Run a local multi-agent episode:
```bash
python scripts/multi_agent_demo.py --scenario payment_provider_degradation
python scripts/multi_agent_demo.py --scenario database_connection_leak --json
```
The Space exposes the same flow at:
```text
/orchestrate?scenario_id=payment_provider_degradation
```
This is intentionally reproducible and uses generated incidents instead of live cloud
credentials. A production extension can connect specialists to AWS CloudWatch, Azure
Monitor, GCP Cloud Logging, Prometheus, or a read-only demo database, but the judged
environment remains deterministic so rewards and logs are repeatable.
## Deploy to Hugging Face Space
Recommended path:
```bash
pip install -e ".[server]"
openenv push --repo-id YOUR_USERNAME/incident_commander_env
```
Fallback Docker path:
```bash
docker build -f server/Dockerfile -t incident-commander-env .
docker run --rm -p 8000:8000 incident-commander-env
```
## Submission Checklist
- Push this repo to a Hugging Face Space.

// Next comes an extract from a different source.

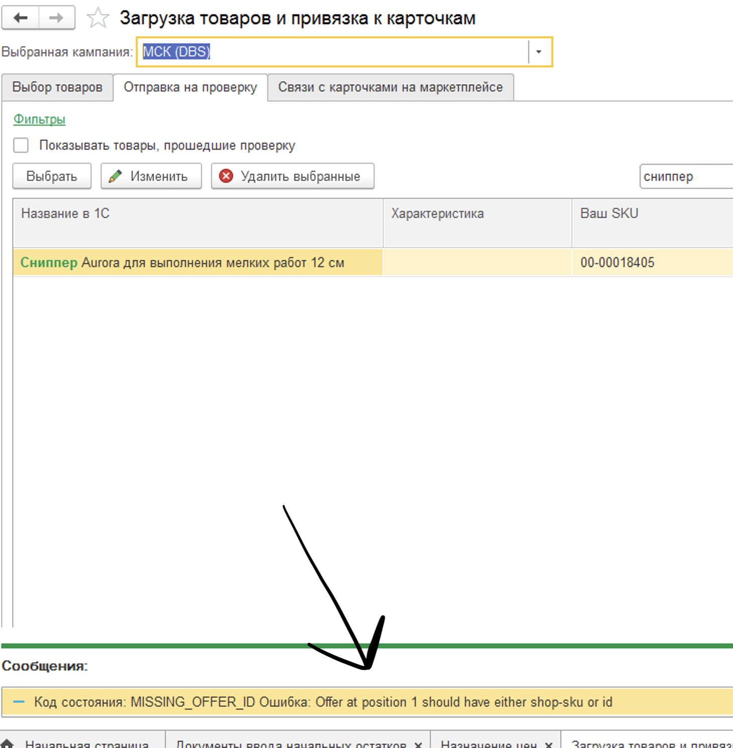 Проблема с загрузкой каталога. Не получается связать карточку товара из нашей учетной системы 1С через готовый модуль для 1С от Яндекс.Маркет. Выдает ошибку при загрузке карточек в магазине DBS. При других схемах проблем нет (FBS или FBS Express). Работаем в УТ 11. Во ВЛОЖЕНИИ МОЖНО УВИДЕТЬ НАЗВАНИЕ ОШИБКИ. Исполнителя подключим через AnyDesk. Будем признательны за скорое решение вопроса!

- Link the Space URL in this README.
- Run `scripts/train_grpo.py` and commit reward/loss plots.
- Add logs from `outputs/logs/` and one before/after transcript from `outputs/`.
- Record a demo under two minutes showing an untrained failure and a trained improvement.
## Local Package Layout
- `incident_commander_env/`: package, models, scenario engine, reward logic
- `server/`: OpenEnv/FastAPI entrypoint and Dockerfile
- `scripts/`: smoke test, baseline evaluation, GRPO training
- `tests/`: deterministic unit tests
- `notebooks/`: Colab-oriented training notebook
## HF Training Result
A GRPO training run completed on Hugging Face Jobs.
- Job URL: https://huggingface.co/jobs/Dar3devil/69ed03a7d2c8bd8662bce22d
- Hardware: `a10g-large`
- Model: `Qwen/Qwen3-0.6B`
- Steps: `180/180 completed`
- First logged reward: `0.0375`
- Best logged reward: `0.2300`
- Final logged reward: `0.2125`
- Final train loss: `-0.005505`
![HF training reward curve](assets/hf_training_reward_curve.png)
Compact training evidence:
- `outputs/evals/hf_training_summary.md`
- `outputs/evals/hf_training_metrics.csv`
- `outputs/logs/hf_job_69ed03a7_inspect.txt`
Full raw training log is saved locally and available from the HF Jobs page.